(Collected data)
-- Opening Marker --

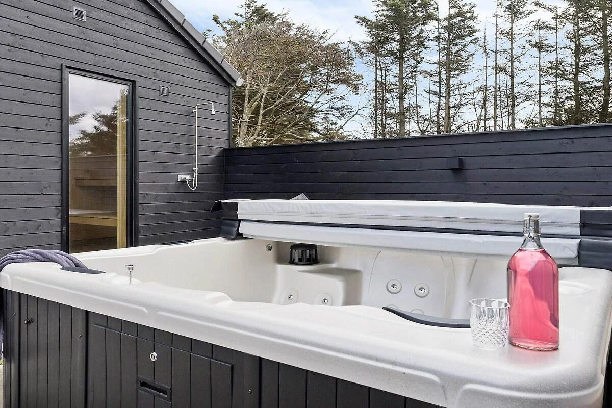Per chi desidera rilassarsi dallo stress della vita quotidiana, il cottage offre una splendida area benessere all'aperto. Qui potrete godervi un momento di relax nella spa all'aperto, fare un tuffo caldo nella sauna esterna o risciacquarvi le avventure della giornata sotto la doccia esterna. Queste strutture sono perfette per trovare pace e godersi l'aria fresca.
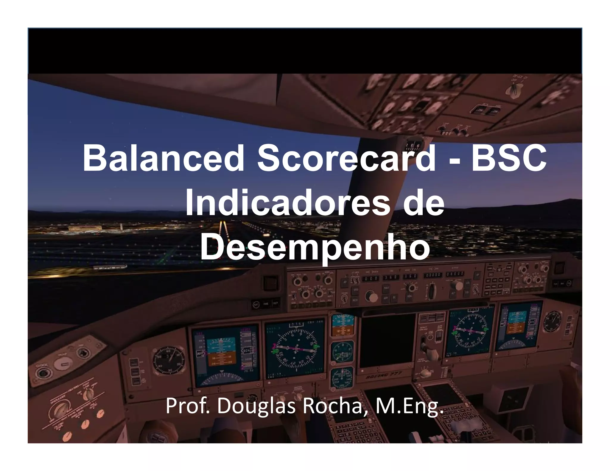Este documento discute o Balanced Scorecard (BSC), um framework para traduzir a estratégia de uma organização em objetivos e indicadores de desempenho. O documento explica os componentes e implementação do BSC, incluindo suas quatro perspectivas (financeira, clientes, processos internos e aprendizado e crescimento), objetivos estratégicos, mapas estratégicos e indicadores. Além disso, discute como o BSC pode ser usado no contexto da gestão estratégica de uma organização.
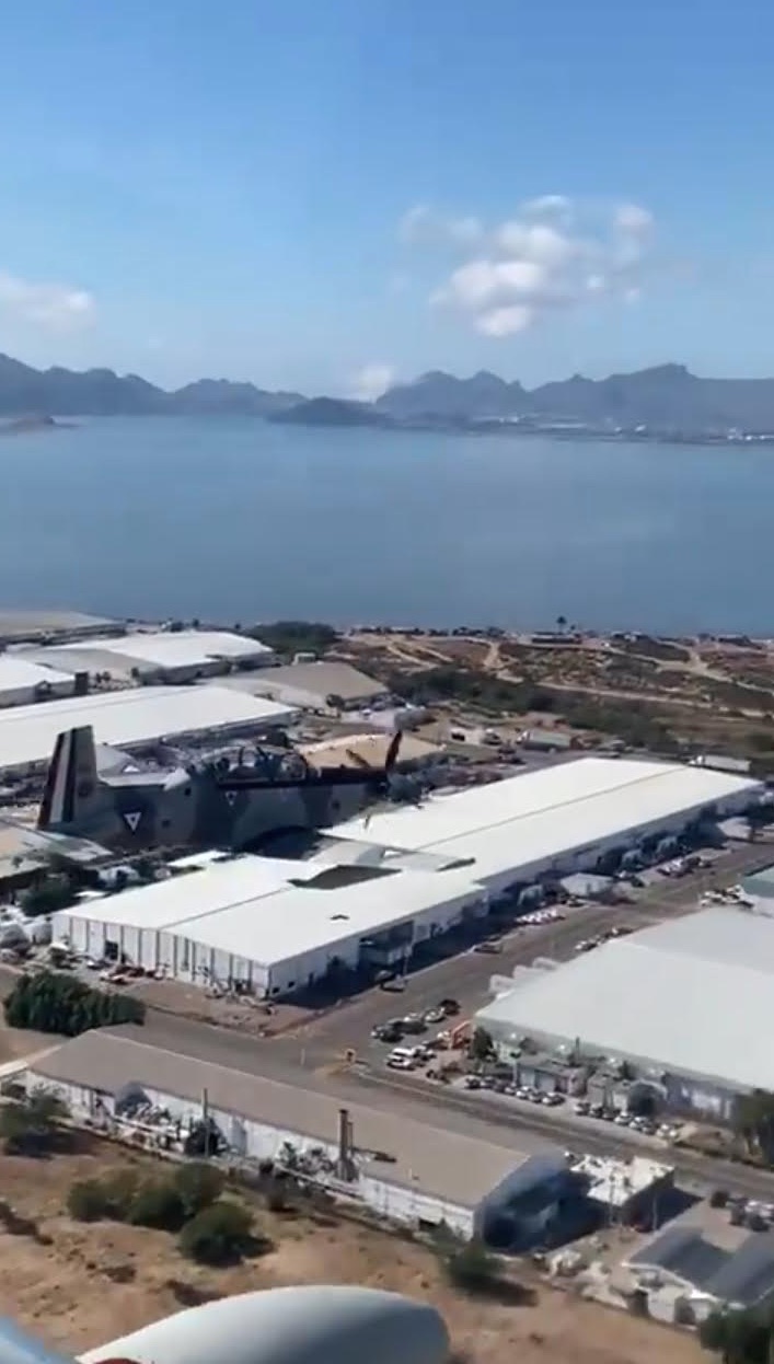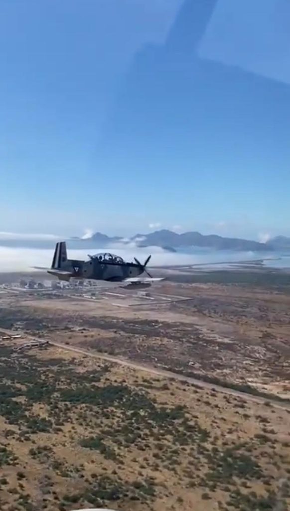 Aviones T6 de la Fuerza Aérea Mexicana sobrevuelan Guaymas y Empalme, como parte de las labores de seguridad y vigilancia, tras los hechos violentos protagonizados por bandas criminales en días recientes.
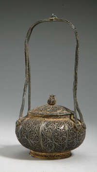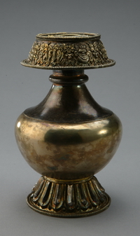 此器采用浇铸、錾刻、焊接等技法制成,造型优美,线条流畅,刻画精细,寓意吉祥。 |
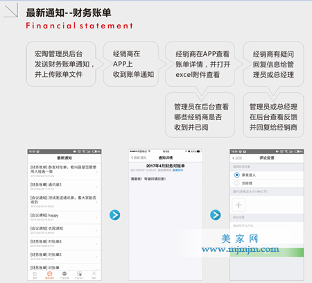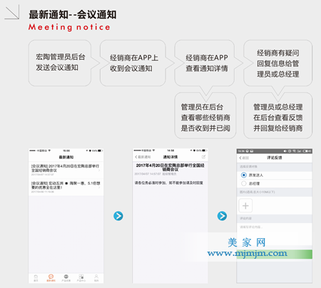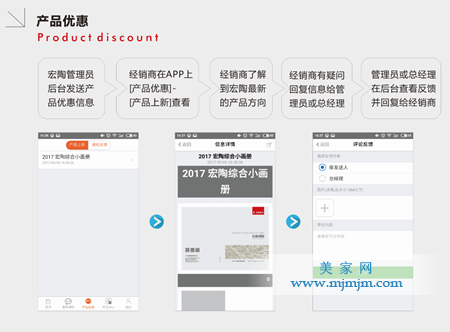 宏陶陶瓷引進APP智能管理平臺系統(tǒng),利用電子科技科技平臺,縮短廠商之間的溝通距離,降低時間耗能,提高工作效率。通過APP智能管理平臺系統(tǒng),可隨時掌握宏陶官方最新動態(tài),最先獲得宏陶一手產(chǎn)品資料,隨時隨地接收宏陶官方最新通知和財務賬單,銷售人員可以快捷通知所服務經(jīng)銷商 。經(jīng)銷商有什么問題可以直接通過這個APP的總經(jīng)理信箱,直接反饋,直達開通綠色通道。
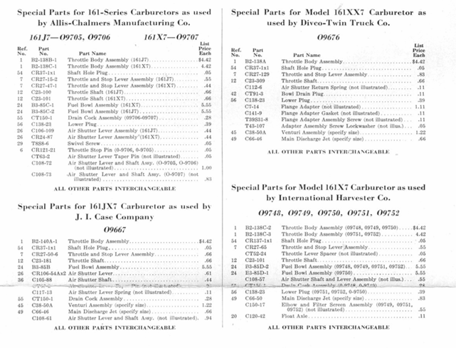 Here's everything AGCO has listed: B/IB/ C tractor - Zenith 70206989 CARBURETOR (#0-8561) (Use 70216937) 70208027 CARBURETOR (#0-8691) (Use 70216937) 70211456 CARBURETOR (#0-9636) (Use 70216937) 70211457 CARBURETOR (#0-9635) (Use 70216937) 70211954 CARBURETOR (#0-9804) (Use 70212844) 70211955 CARBURETOR (#0-0805) (Use 70212844) 70212844 CARBURETOR (#0-9706, 0-10697) 70212845 CARBURETOR (#0-9705,0-10698) (Use 70212844) 70216937 CARBURETOR (S-864) (Use 70224641) 70218487 CARBURETOR (#0-10698) (Use 70224641) 70224640 CARBURETOR (#0-10903) (Use 70224641) 70224641 CARBURETOR (#0-10902) -------------------- MS 70222090 * CARBURETOR ASY. (TSX-305) ** CARBURETOR ASY. (TSX-154) (Use 70222090) ------------------------ CA Zenith NOTE: Qty. shown are for both Carburetor No. 70225621 & 70225622 unless otherwise noted. 70225622 CARBURETOR (w/drain cock) (Outline No. O-1142) (Use to replace gasoline carburetor 70225621 w/o drain cock, Outline No. O-11141) (Don't use on Carburetor No. 70225621) ----------------------- MS 70225679 CARBURETOR ASY. (TSX-486) (Use 70251516) Edited by dfwallis - 19 hours 27 minutes ago at 9:13pm |
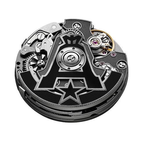 Dabei handelt es sich um ein von La Joux-Perret umfangreich weiter entwickeltes Kaliber auf Basis des ETA 7750. Es besitzt ein Säulenradschaltung und ein Zeigerdatum. Unverändert ist die horizontale Kupplung und die Frequenz von vier Hertz, die 28.800 Halbschwingungen in der Stunde entspricht.
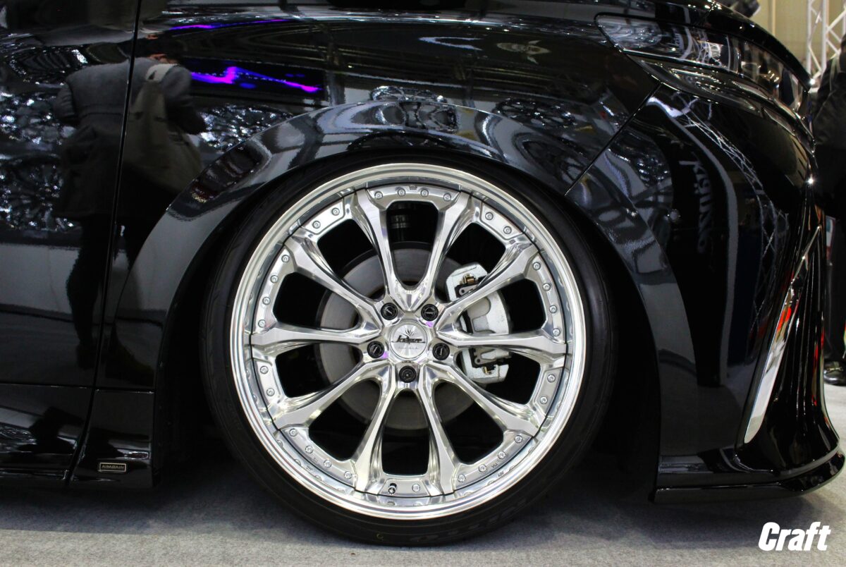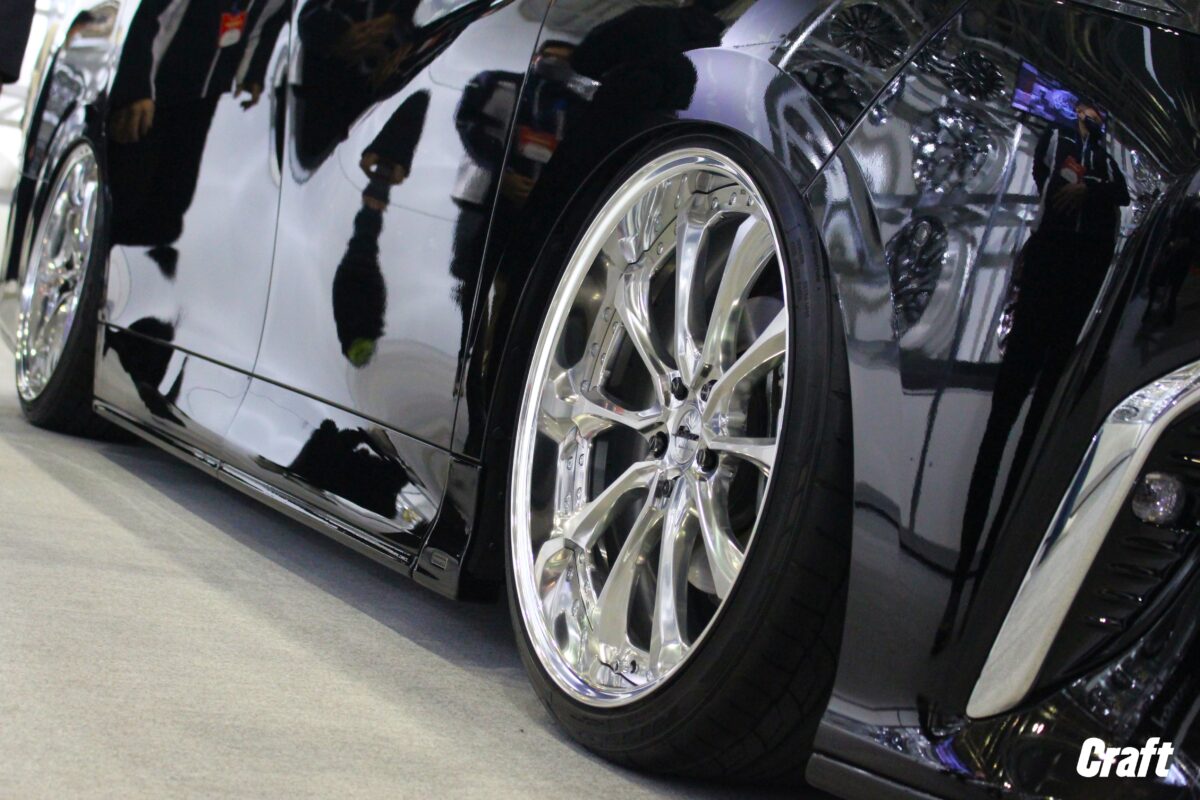 現地のウェッズブースには40アルファードが展示されており、本日ご紹介の新作ヴェルサムが装着されておりました。
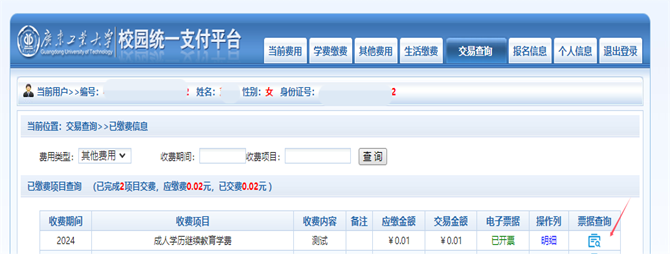 点击导航栏的“交易查询”按钮,可查询“银行缴费记录”和“已缴费信息”,费用类型选择“其他费用”可查询成教已缴学费情况(如图3-1)。点击“明细”可以查询具体的缴费项目等信息,点击“票据查询”也可查看电子票据。
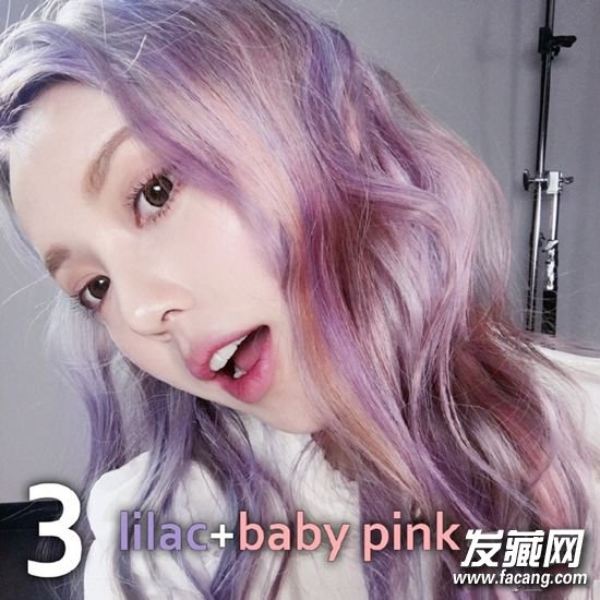 浅粉色挑染雾面紫,渐层染发让长发呈现出好像彩虹一样的效果。
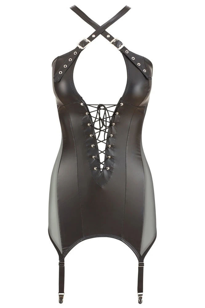 An erotic eye-catcher! Show yourself off in this tight-fitting dress with suspender straps that is made out of black matte look material and has powernet inserts at either side – your partner won’t be able to keep their hands off you! There is lacing at the front over the low-cut cleavage area. There are criss-cross straps at the front and the back. The bra and suspender straps are adjustable.
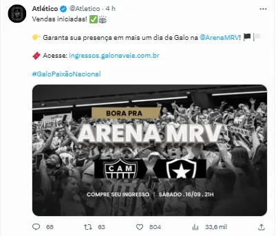 A equipe do Galo vem de um empate em 1 a 1 diante do Athletico, na Ligga Arena, no último dia 2, e quer conseguir chegar a esta marca que será importante ao elenco na competição. O time está na nona colocação com 31 pontos em 22 jogos até aqui.
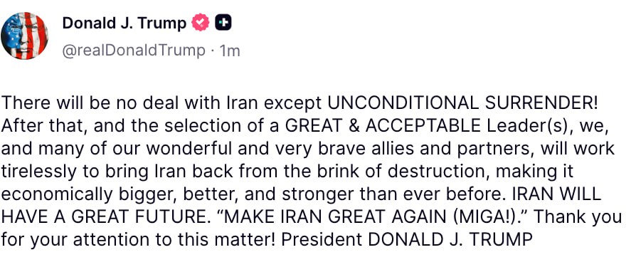 «Никакой сделки с Ираном не будет, кроме безоговорочной капитуляции. После этого, и после выбора великого и приемлемого лидера [лидеров], мы — вместе со многими нашими прекрасными и очень смелыми союзниками и партнёрами — будем неустанно работать, чтобы вывести Иран из состояния на грани разрушения и сделать его экономически больше, лучше и сильнее, чем когда-либо прежде.
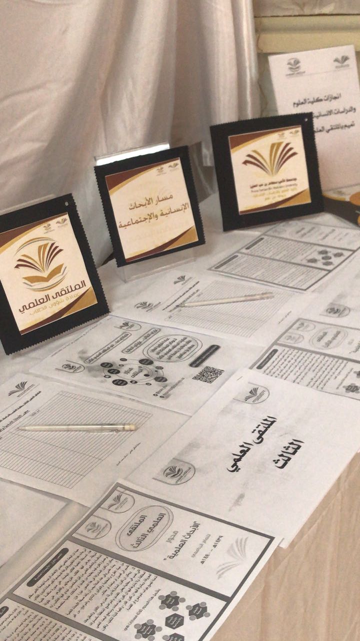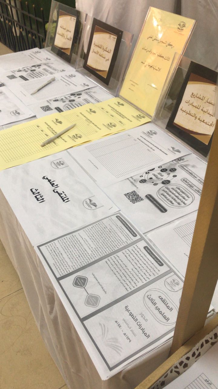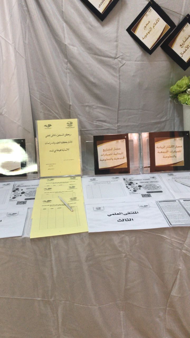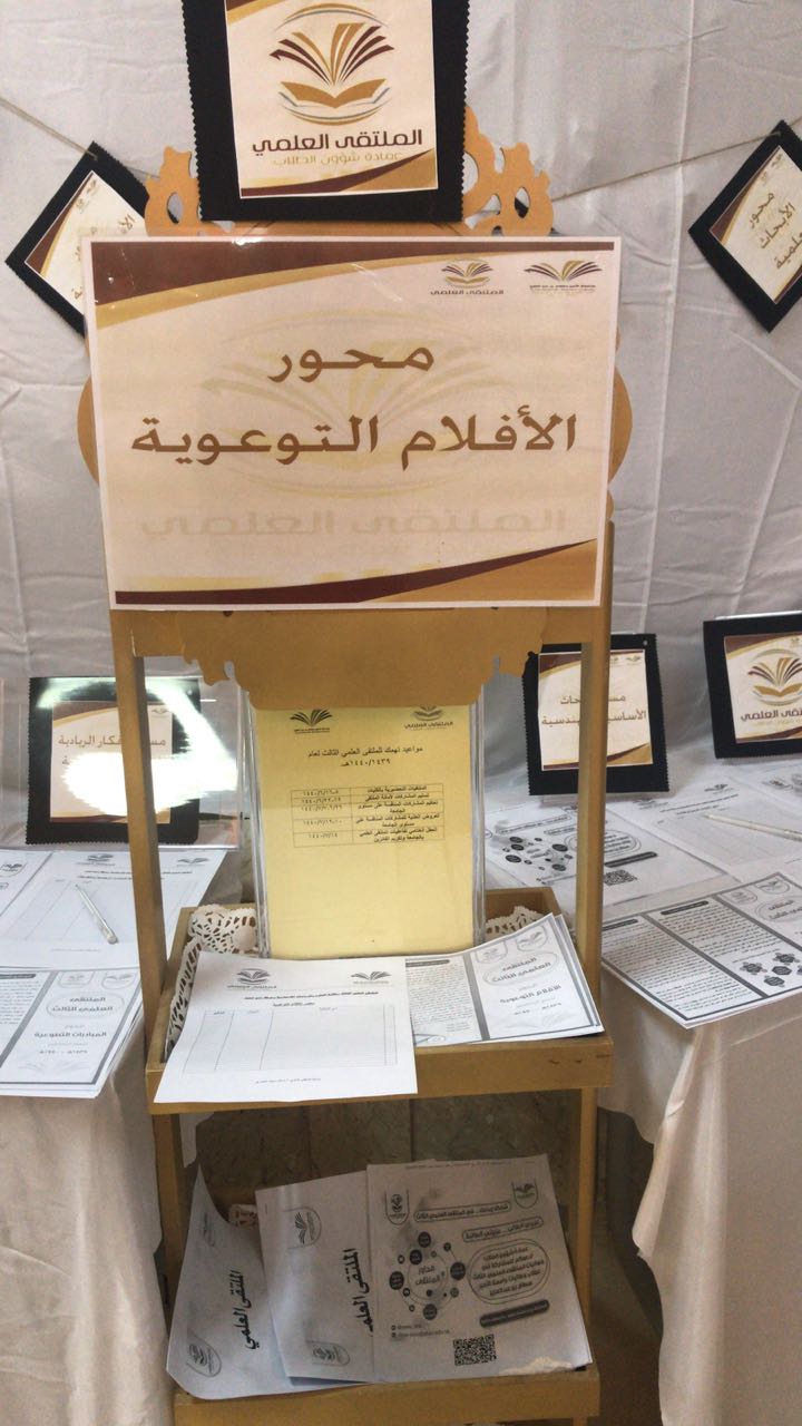 تحت رعاية عميدة كلية العلوم والدراسات الإنسانية بحوطة بني تميم الدكتورة حصة الهزاني وبإعداد منسقة الملتقى العلمي الثالث ا.اسلام العمري واللجنة التنظيمية للملتقى، تم تنظيم أركان تعريفية للملتقى العلمي الثالث في صباح يوم الاربعاء الموافق 5/4/1440 هــ  حيث تضمنت الاركان منشورات تعريفية بالملتقى ومحاوره وشروطه وضوابطه لكل محور، وكما تضمن جداول حصر مبدئي لكل محور على حدة.

-- Closing Marker --

• _THE TASK_
Leave out the pictures and return the rest of the records exactly.

• _SOLUTION BELOW_
Per chi desidera rilassarsi dallo stress della vita quotidiana, il cottage offre una splendida area benessere all'aperto. Qui potrete godervi un momento di relax nella spa all'aperto, fare un tuffo caldo nella sauna esterna o risciacquarvi le avventure della giornata sotto la doccia esterna. Queste strutture sono perfette per trovare pace e godersi l'aria fresca.
Este documento discute o Balanced Scorecard (BSC), um framework para traduzir a estratégia de uma organização em objetivos e indicadores de desempenho. O documento explica os componentes e implementação do BSC, incluindo suas quatro perspectivas (financeira, clientes, processos internos e aprendizado e crescimento), objetivos estratégicos, mapas estratégicos e indicadores. Além disso, discute como o BSC pode ser usado no contexto da gestão estratégica de uma organização.
 Aviones T6 de la Fuerza Aérea Mexicana sobrevuelan Guaymas y Empalme, como parte de las labores de seguridad y vigilancia, tras los hechos violentos protagonizados por bandas criminales en días recientes.
 此器采用浇铸、錾刻、焊接等技法制成,造型优美,线条流畅,刻画精细,寓意吉祥。 |
 宏陶陶瓷引進APP智能管理平臺系統(tǒng),利用電子科技科技平臺,縮短廠商之間的溝通距離,降低時間耗能,提高工作效率。通過APP智能管理平臺系統(tǒng),可隨時掌握宏陶官方最新動態(tài),最先獲得宏陶一手產(chǎn)品資料,隨時隨地接收宏陶官方最新通知和財務賬單,銷售人員可以快捷通知所服務經(jīng)銷商 。經(jīng)銷商有什么問題可以直接通過這個APP的總經(jīng)理信箱,直接反饋,直達開通綠色通道。
 Here's everything AGCO has listed: B/IB/ C tractor - Zenith 70206989 CARBURETOR (#0-8561) (Use 70216937) 70208027 CARBURETOR (#0-8691) (Use 70216937) 70211456 CARBURETOR (#0-9636) (Use 70216937) 70211457 CARBURETOR (#0-9635) (Use 70216937) 70211954 CARBURETOR (#0-9804) (Use 70212844) 70211955 CARBURETOR (#0-0805) (Use 70212844) 70212844 CARBURETOR (#0-9706, 0-10697) 70212845 CARBURETOR (#0-9705,0-10698) (Use 70212844) 70216937 CARBURETOR (S-864) (Use 70224641) 70218487 CARBURETOR (#0-10698) (Use 70224641) 70224640 CARBURETOR (#0-10903) (Use 70224641) 70224641 CARBURETOR (#0-10902) -------------------- MS 70222090 * CARBURETOR ASY. (TSX-305) ** CARBURETOR ASY. (TSX-154) (Use 70222090) ------------------------ CA Zenith NOTE: Qty. shown are for both Carburetor No. 70225621 & 70225622 unless otherwise noted. 70225622 CARBURETOR (w/drain cock) (Outline No. O-1142) (Use to replace gasoline carburetor 70225621 w/o drain cock, Outline No. O-11141) (Don't use on Carburetor No. 70225621) ----------------------- MS 70225679 CARBURETOR ASY. (TSX-486) (Use 70251516) Edited by dfwallis - 19 hours 27 minutes ago at 9:13pm |
 Dabei handelt es sich um ein von La Joux-Perret umfangreich weiter entwickeltes Kaliber auf Basis des ETA 7750. Es besitzt ein Säulenradschaltung und ein Zeigerdatum. Unverändert ist die horizontale Kupplung und die Frequenz von vier Hertz, die 28.800 Halbschwingungen in der Stunde entspricht.
 現地のウェッズブースには40アルファードが展示されており、本日ご紹介の新作ヴェルサムが装着されておりました。
 点击导航栏的“交易查询”按钮,可查询“银行缴费记录”和“已缴费信息”,费用类型选择“其他费用”可查询成教已缴学费情况(如图3-1)。点击“明细”可以查询具体的缴费项目等信息,点击“票据查询”也可查看电子票据。
 浅粉色挑染雾面紫,渐层染发让长发呈现出好像彩虹一样的效果。
 An erotic eye-catcher! Show yourself off in this tight-fitting dress with suspender straps that is made out of black matte look material and has powernet inserts at either side – your partner won’t be able to keep their hands off you! There is lacing at the front over the low-cut cleavage area. There are criss-cross straps at the front and the back. The bra and suspender straps are adjustable.
 A equipe do Galo vem de um empate em 1 a 1 diante do Athletico, na Ligga Arena, no último dia 2, e quer conseguir chegar a esta marca que será importante ao elenco na competição. O time está na nona colocação com 31 pontos em 22 jogos até aqui.
 «Никакой сделки с Ираном не будет, кроме безоговорочной капитуляции. После этого, и после выбора великого и приемлемого лидера [лидеров], мы — вместе со многими нашими прекрасными и очень смелыми союзниками и партнёрами — будем неустанно работать, чтобы вывести Иран из состояния на грани разрушения и сделать его экономически больше, лучше и сильнее, чем когда-либо прежде.
 تحت رعاية عميدة كلية العلوم والدراسات الإنسانية بحوطة بني تميم الدكتورة حصة الهزاني وبإعداد منسقة الملتقى العلمي الثالث ا.اسلام العمري واللجنة التنظيمية للملتقى، تم تنظيم أركان تعريفية للملتقى العلمي الثالث في صباح يوم الاربعاء الموافق 5/4/1440 هــ  حيث تضمنت الاركان منشورات تعريفية بالملتقى ومحاوره وشروطه وضوابطه لكل محور، وكما تضمن جداول حصر مبدئي لكل محور على حدة.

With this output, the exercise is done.